Chemotherapy and breast cancer: All you need to know

A pile of books to teach you all you need to know about chemotherapy and breast cancer.

Chemotherapy (often called chemo) is a common treatment for breast cancer. While chemotherapy can be an effective treatment option, it can also be daunting and overwhelming for patients who may not know what to expect during the process. Let’s take a look at how chemotherapy works, the different types and what to expect when receiving your treatment. Here you can find some useful tips that will help you to manage potential side effects, know how to prepare for your treatment and what to expect during follow-up appointments. All information in this blog is based on reliable scientific resources.

How does chemotherapy target breast cancer cells?

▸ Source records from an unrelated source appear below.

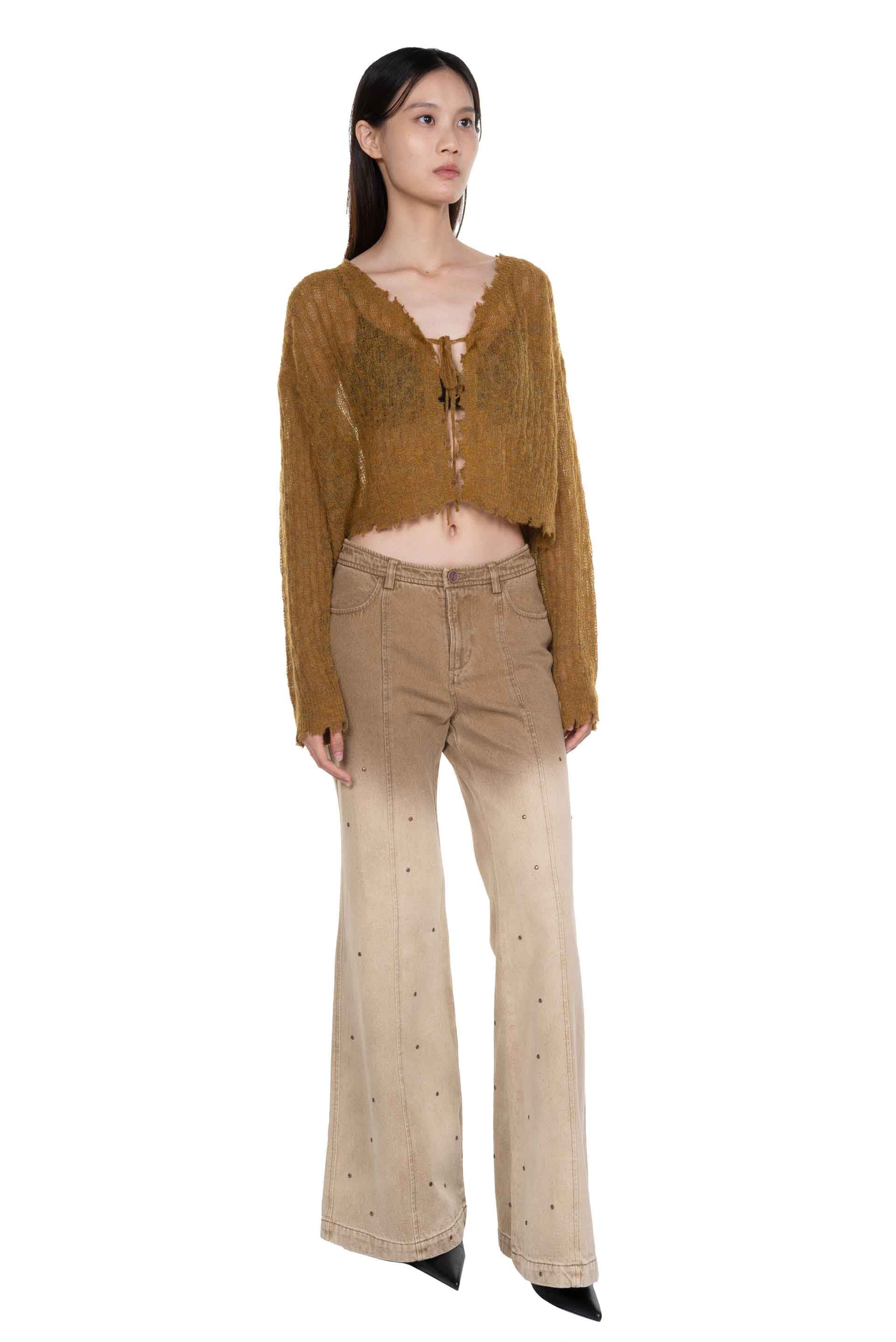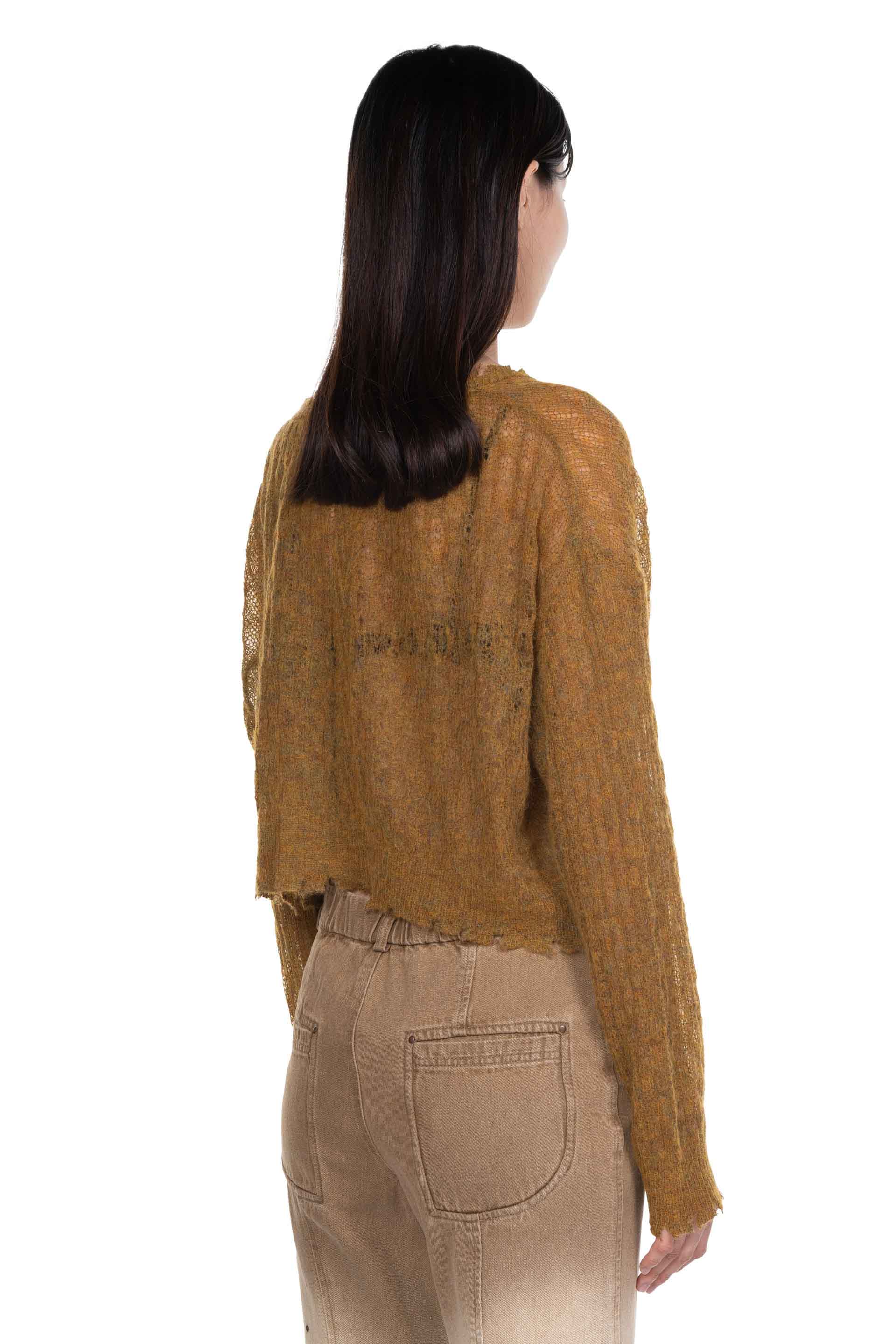 This sheer wool-knitted cardigan is knitted from baby alpaca and Merino wool-bend. With a silky lustre, alpaca is lightweight and soft as well as insulating. Merino wool is fine and soft, with excellent drape. The cropped design is flattering, and the plunging V-neckline frames the neck beautifully. The sheer bodice is finished with frayed edges to create a delicate and ethereal look, which is rich in detail and adaptable to various styling needs.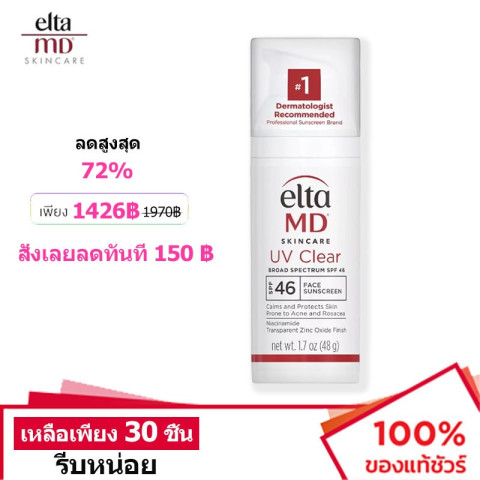 Elta MD UV Clear SPF 46 EltaMD กันแดดหน้าระดับตำนาน รุ่น Best Seller ในสหรัฐอเมริกา ที่ช่วยปกป้องผิวจากแสงแดดอย่างมีประสิทธิภาพ พร้อมฟินิชสบายผิว ใช้ได้ทุกวัน เหมาะกับคนที่ต้องการกันแดดที่ “ทาแล้วผิวดูดี” ไม่หนักหน้า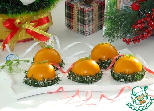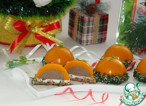 Затем в серединки поместите застывшие заготовки из паштета и залейте остатками облепихового желе.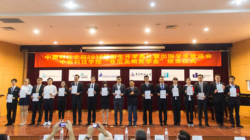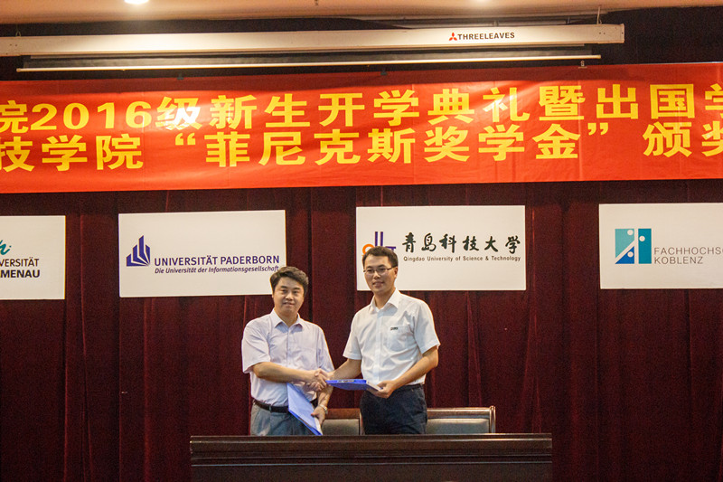 9月13日下午,2016级新生开学典礼暨出国员工欢送会在崂山校区第三报告厅举行。副董事长李庆领,德国帕德博恩大学Warnecke教授,锡根大学Griese教授,帕德博恩大学Hübner博士,菲尼克斯(中国)投资有限公司工会主席郑巧林、企业发展部经理易书波,公司统战部、员工处、国际处、校团委、后勤处、公司领导和部分教师以及来自帕德博恩大学的28名硕士生和本科生参加了会议。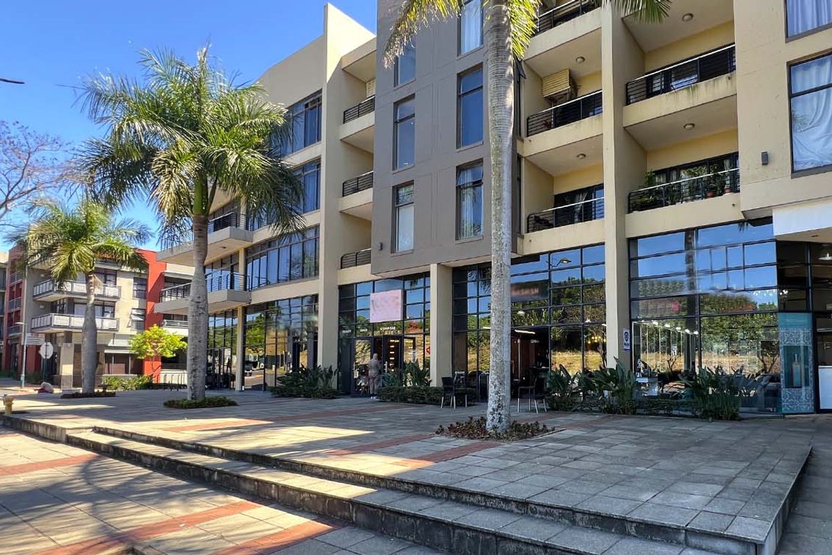 Prominent Umhlanga Ridge address offering exceptional exposure and easy N2/Gateway access; ground-floor open-plan space with floor-to-ceiling windows and balcony, direct parking and 24-hour security.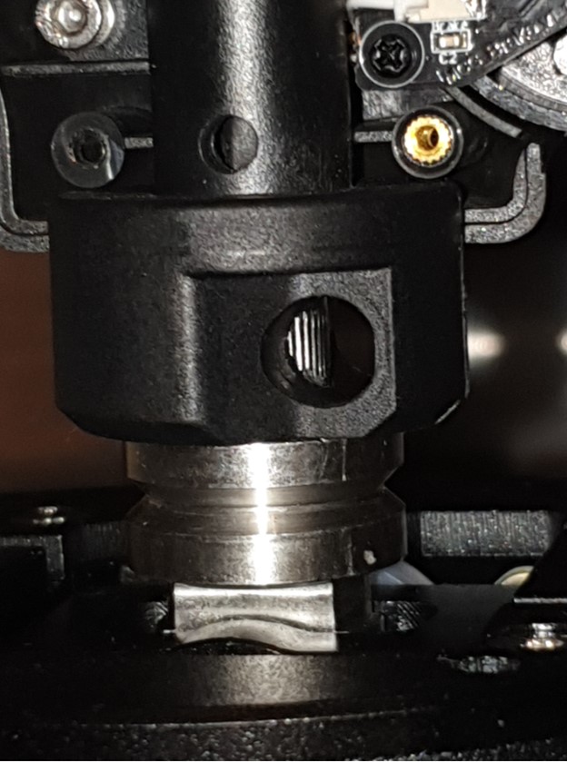 Не должно быть даже малейшего зазора между ручкой и нижней плоскостью штока. Запустив конфигуратор (и даже не устанавливая сухари для фиксации) в Test-External Devices можно сразу определить, есть контакт с базой или нет.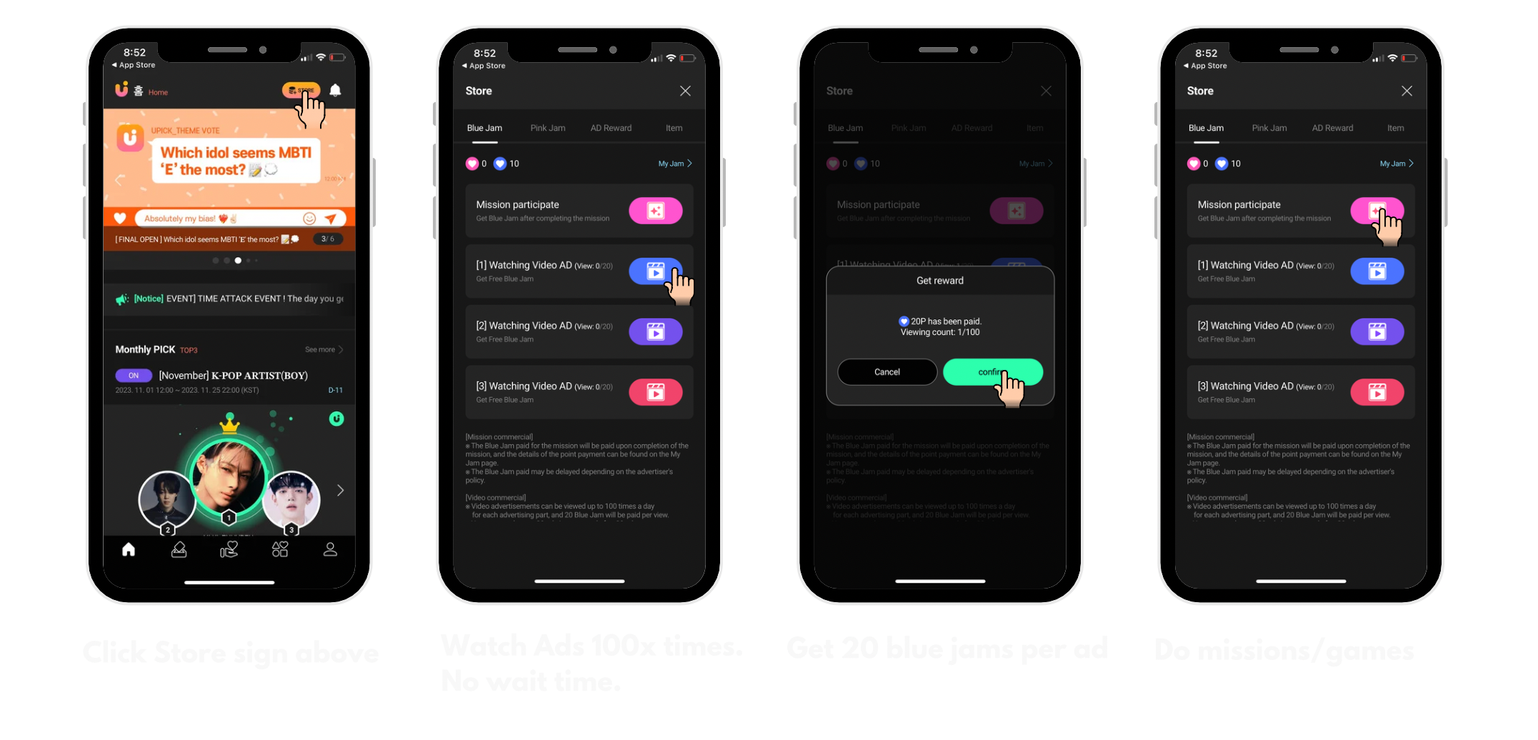 (watch ads, complete missions, get free cash)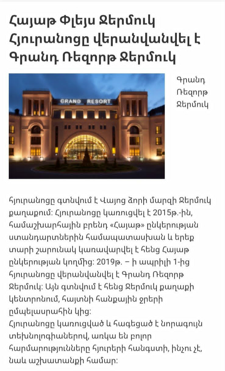 Հատկանշական է, որ Grand Resort Jermuk հյուրանոցը պատկանում է «Ջերսան» ՍՊԸ-ին, որի հիմնադիրներն են Սամվել Սարգսյանը, գործարար Աշոտ Արսենյանը (հայտնի «Ջերմուկի Աշոտ»)։ Սամվել Սարգսյանը այս ընկերությունում հանդիսանում է առանցքային սեփականատերերից և կառավարման կենտրոնական դեմքերից։
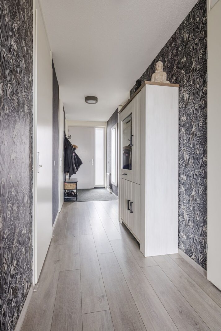 De woning wordt betreden via een ruime hal met videofoon, meterkast en een opbergkast met de CV-combiketel en unit voor mechanische ventilatie. In de hal bevindt zich tevens een diepe nis, ideaal als garderobe of extra opbergruimte.

The function of chemotherapy drugs is to stop the tumour from growing and prevent spreading of cancer cells to other parts of the body1. For tissue to grow, cells need to divide. In cancer, cells continue to divide and accumulate until they form a cluster of cells known as a lump or tumour. To stop the tumour from growing, chemotherapy interferes with dividing cells. This interference can take place at different stages within the cell division process. Chemotherapy drugs cause changes in the genetic material (DNA) and proteins of cancer cells, leading to cell death2. For a cell to divide, it needs to duplicate its DNA. Chemotherapeutic drugs can, for example, prevent the production of new DNA molecules or stop proteins that form ‘the machine’ that copies the DNA3. Interference with the DNA of the cells leads to cell death and thus prevents the cell from multiplying (figure 1).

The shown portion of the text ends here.